PROBLEM DESCRIPTION:
The entire listing, reproduced exactly and stripped of images, is the expected output.

SUPPLIED MATERIAL:
□ □ □ □ □
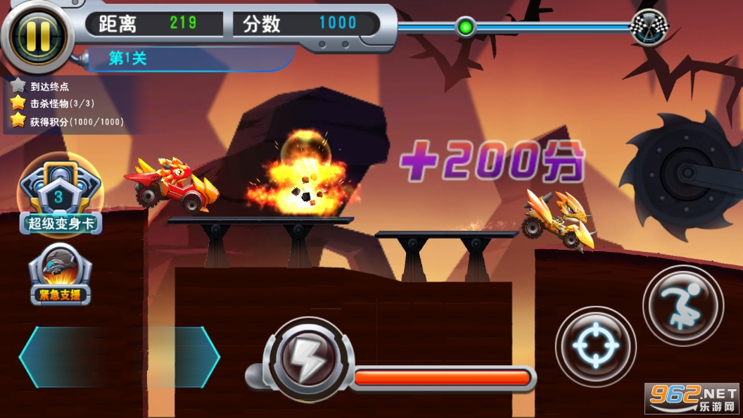2.各种攻击道具,多样的车辆选择,原版授权的任务角色,还有华丽的变身系统;
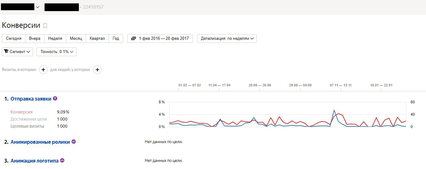 Данные по конверсии форм на сайте за анализируемые кварталы 2016-2018 года
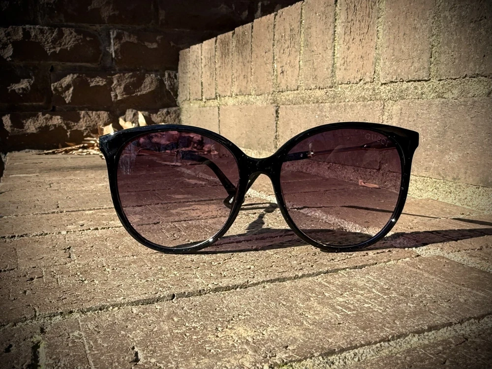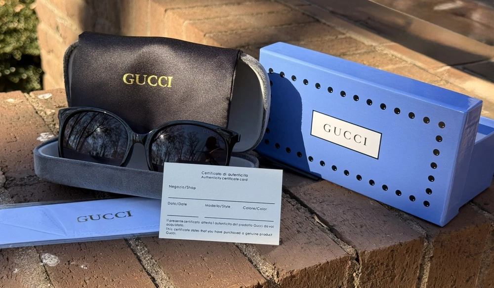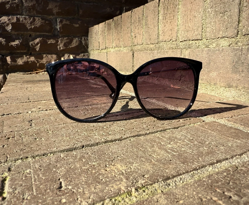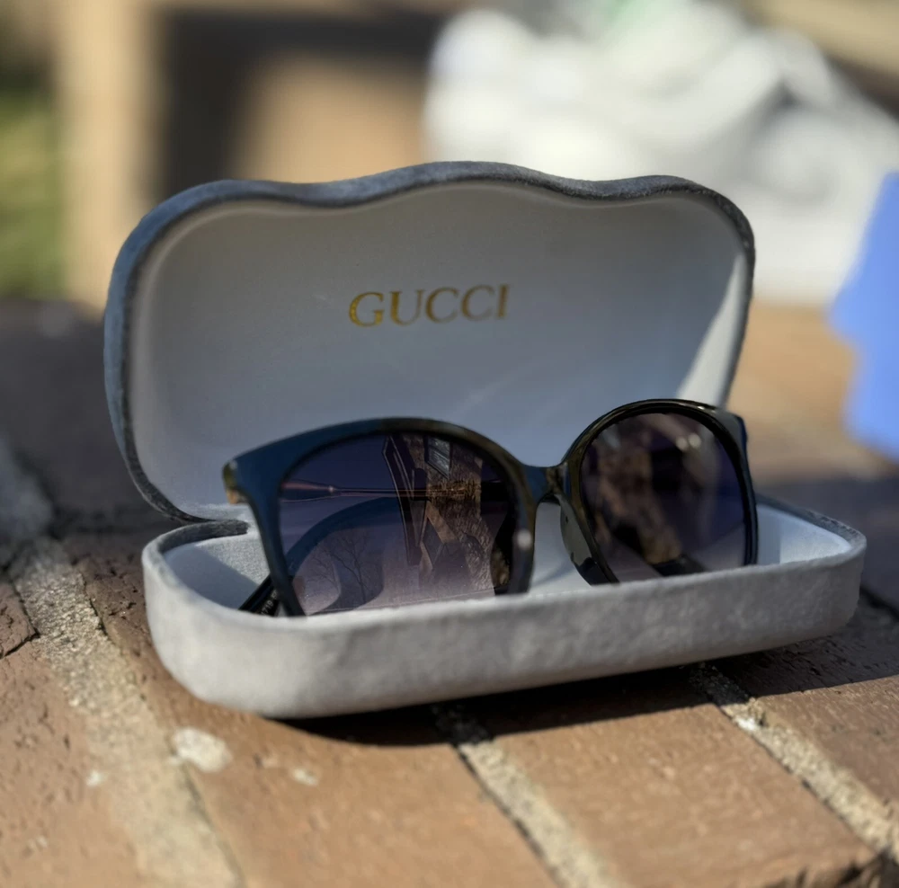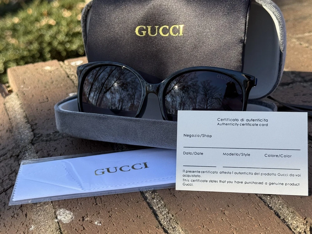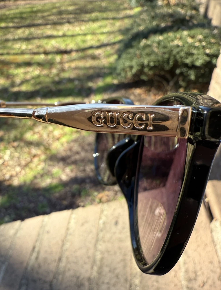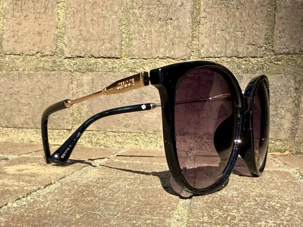 These women's Gucci sunglasses have an oversized frame in black, making a bold and stylish statement. The model number is GG1719 56 21-142, showcasing the iconic Gucci design and craftsmanship. Perfect for adding a touch of luxury to any outfit, these sunglasses are a fashionable accessory for women looking to elevate their style.
□ □ □ □ □
SOLUTION TO THIS TASK:
2.各种攻击道具,多样的车辆选择,原版授权的任务角色,还有华丽的变身系统;
 Данные по конверсии форм на сайте за анализируемые кварталы 2016-2018 года
 These women's Gucci sunglasses have an oversized frame in black, making a bold and stylish statement. The model number is GG1719 56 21-142, showcasing the iconic Gucci design and craftsmanship. Perfect for adding a touch of luxury to any outfit, these sunglasses are a fashionable accessory for women looking to elevate their style.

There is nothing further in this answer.